--- START ---
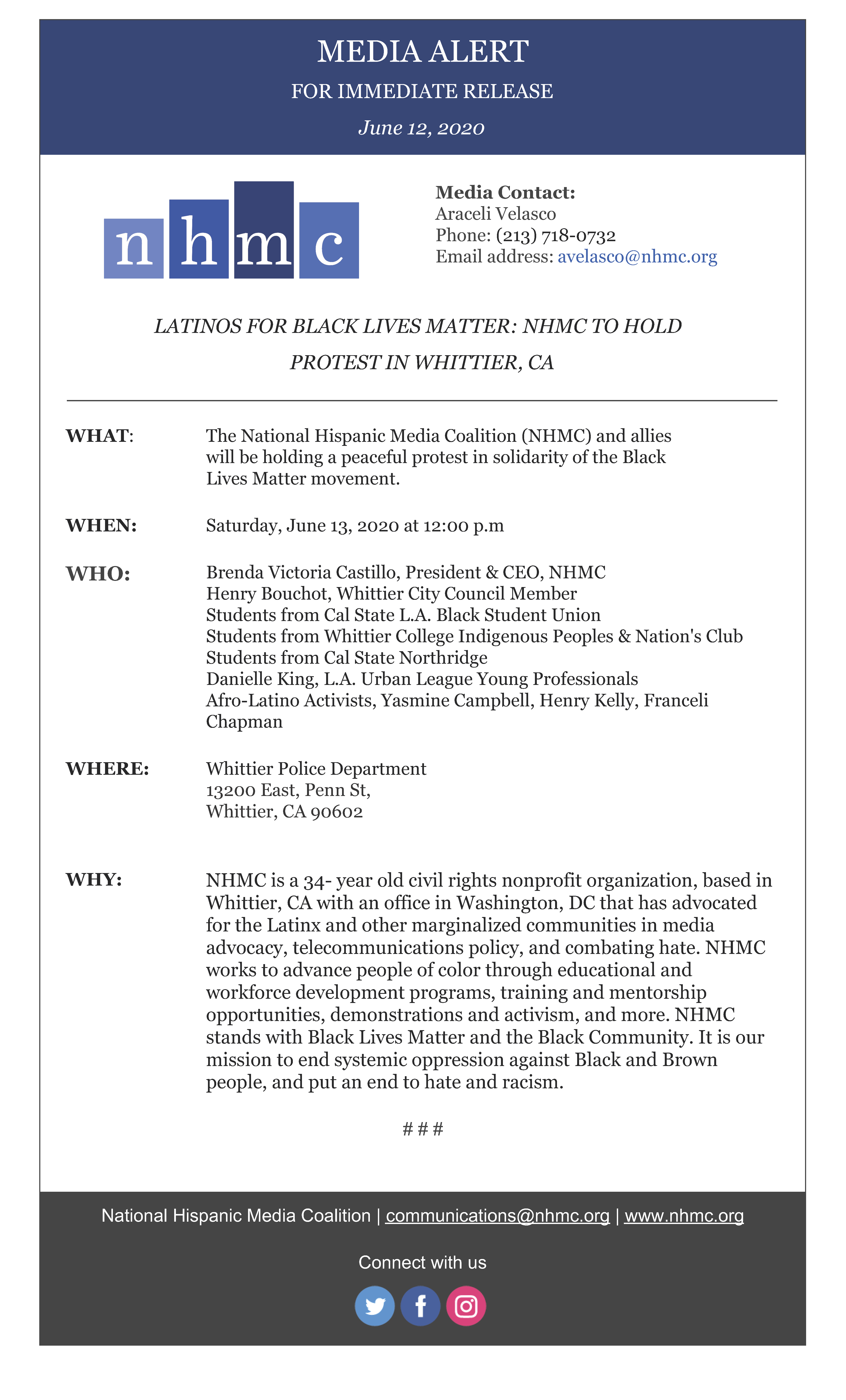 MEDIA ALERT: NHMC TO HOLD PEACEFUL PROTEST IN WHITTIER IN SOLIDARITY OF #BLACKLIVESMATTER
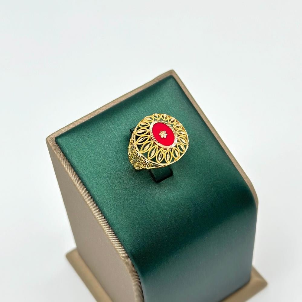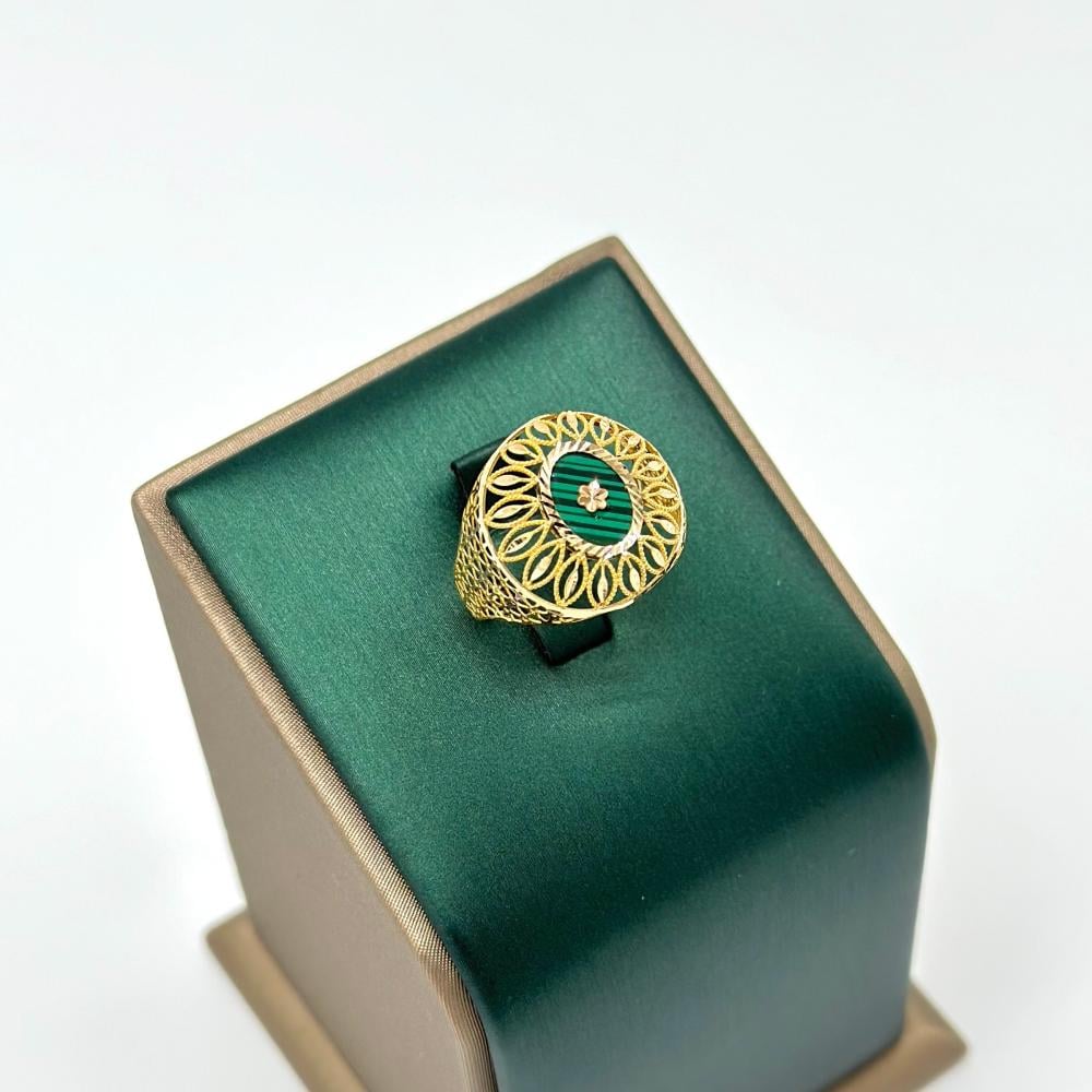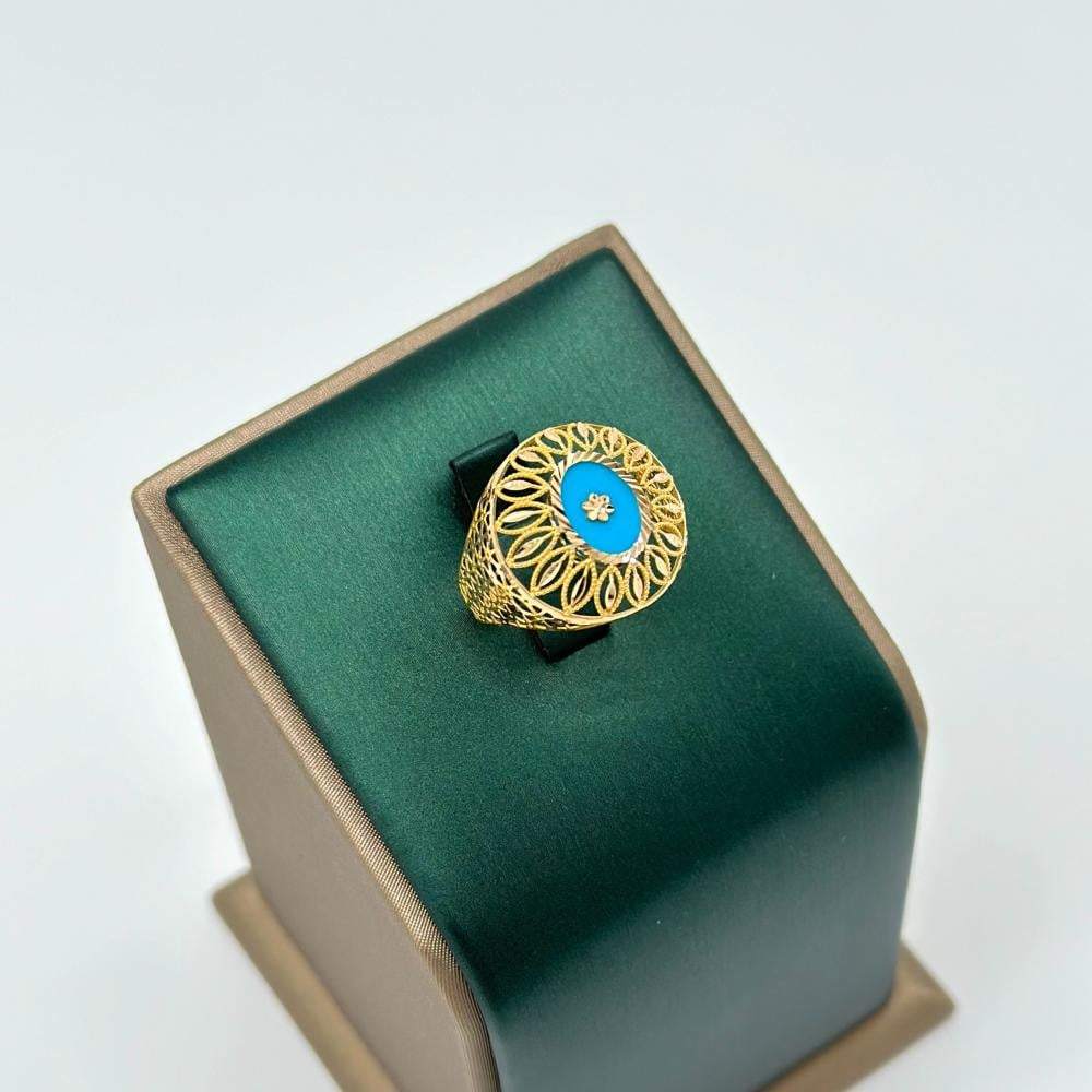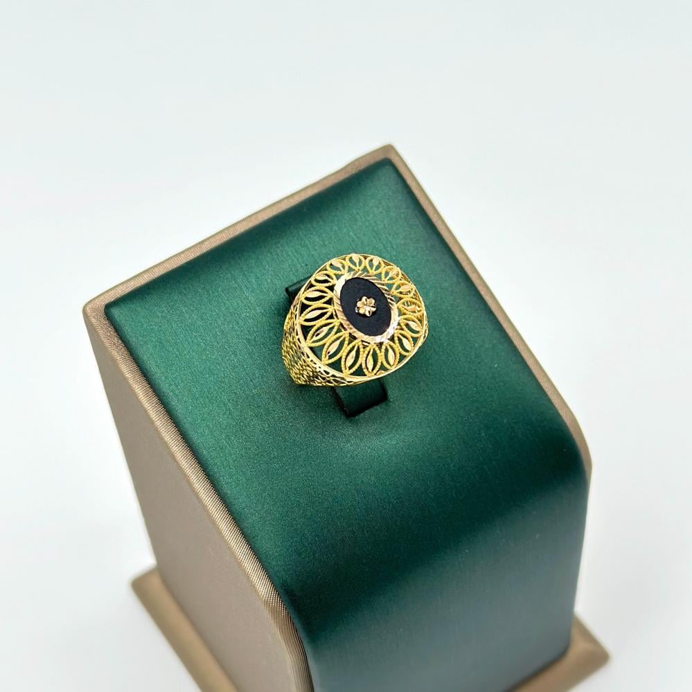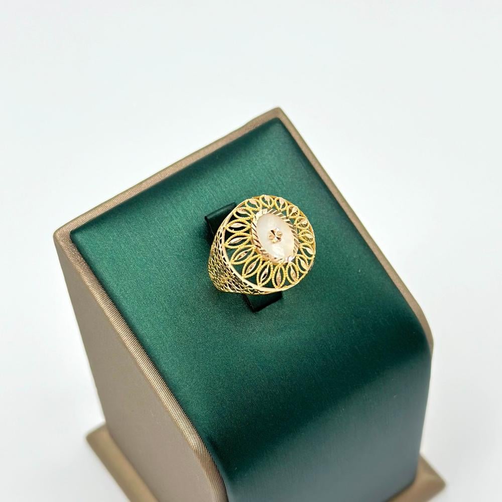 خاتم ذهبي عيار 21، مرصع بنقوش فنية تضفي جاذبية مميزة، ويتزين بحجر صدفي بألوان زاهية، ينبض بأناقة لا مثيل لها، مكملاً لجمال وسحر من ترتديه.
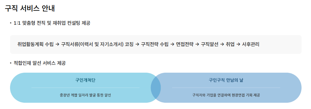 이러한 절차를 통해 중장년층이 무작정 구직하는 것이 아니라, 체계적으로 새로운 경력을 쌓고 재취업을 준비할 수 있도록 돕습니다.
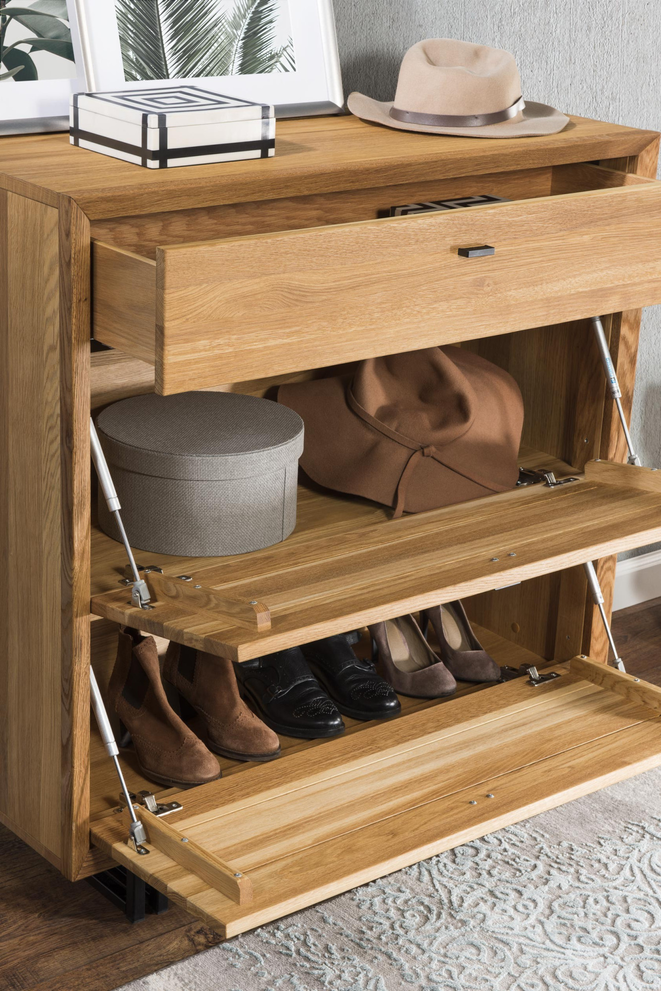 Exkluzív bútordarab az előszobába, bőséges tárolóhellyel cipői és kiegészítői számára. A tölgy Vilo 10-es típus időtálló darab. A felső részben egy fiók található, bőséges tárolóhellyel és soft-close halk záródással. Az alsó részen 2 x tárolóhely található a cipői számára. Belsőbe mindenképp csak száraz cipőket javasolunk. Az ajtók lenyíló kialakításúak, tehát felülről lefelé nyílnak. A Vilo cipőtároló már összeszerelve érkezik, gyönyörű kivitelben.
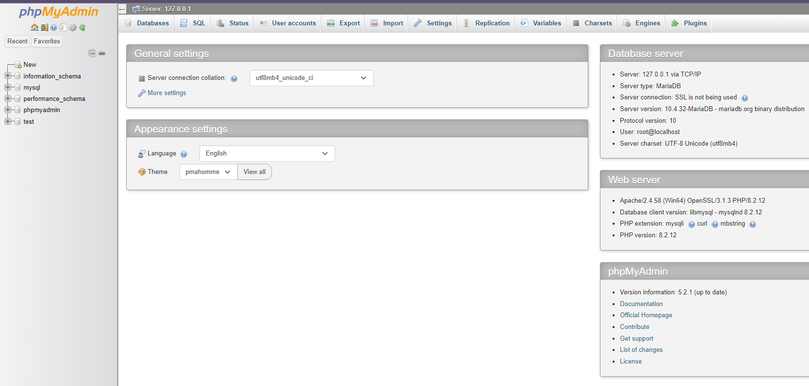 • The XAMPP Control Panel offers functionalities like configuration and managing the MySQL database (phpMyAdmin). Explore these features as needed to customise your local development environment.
--- END ---
### EXERCISE OBJECTIVE
Exclude the pictures, then retype every record exactly.

### SOLUTION FOR THIS TASK
 MEDIA ALERT: NHMC TO HOLD PEACEFUL PROTEST IN WHITTIER IN SOLIDARITY OF #BLACKLIVESMATTER
 خاتم ذهبي عيار 21، مرصع بنقوش فنية تضفي جاذبية مميزة، ويتزين بحجر صدفي بألوان زاهية، ينبض بأناقة لا مثيل لها، مكملاً لجمال وسحر من ترتديه.
 이러한 절차를 통해 중장년층이 무작정 구직하는 것이 아니라, 체계적으로 새로운 경력을 쌓고 재취업을 준비할 수 있도록 돕습니다.
 Exkluzív bútordarab az előszobába, bőséges tárolóhellyel cipői és kiegészítői számára. A tölgy Vilo 10-es típus időtálló darab. A felső részben egy fiók található, bőséges tárolóhellyel és soft-close halk záródással. Az alsó részen 2 x tárolóhely található a cipői számára. Belsőbe mindenképp csak száraz cipőket javasolunk. Az ajtók lenyíló kialakításúak, tehát felülről lefelé nyílnak. A Vilo cipőtároló már összeszerelve érkezik, gyönyörű kivitelben.
 • The XAMPP Control Panel offers functionalities like configuration and managing the MySQL database (phpMyAdmin). Explore these features as needed to customise your local development environment.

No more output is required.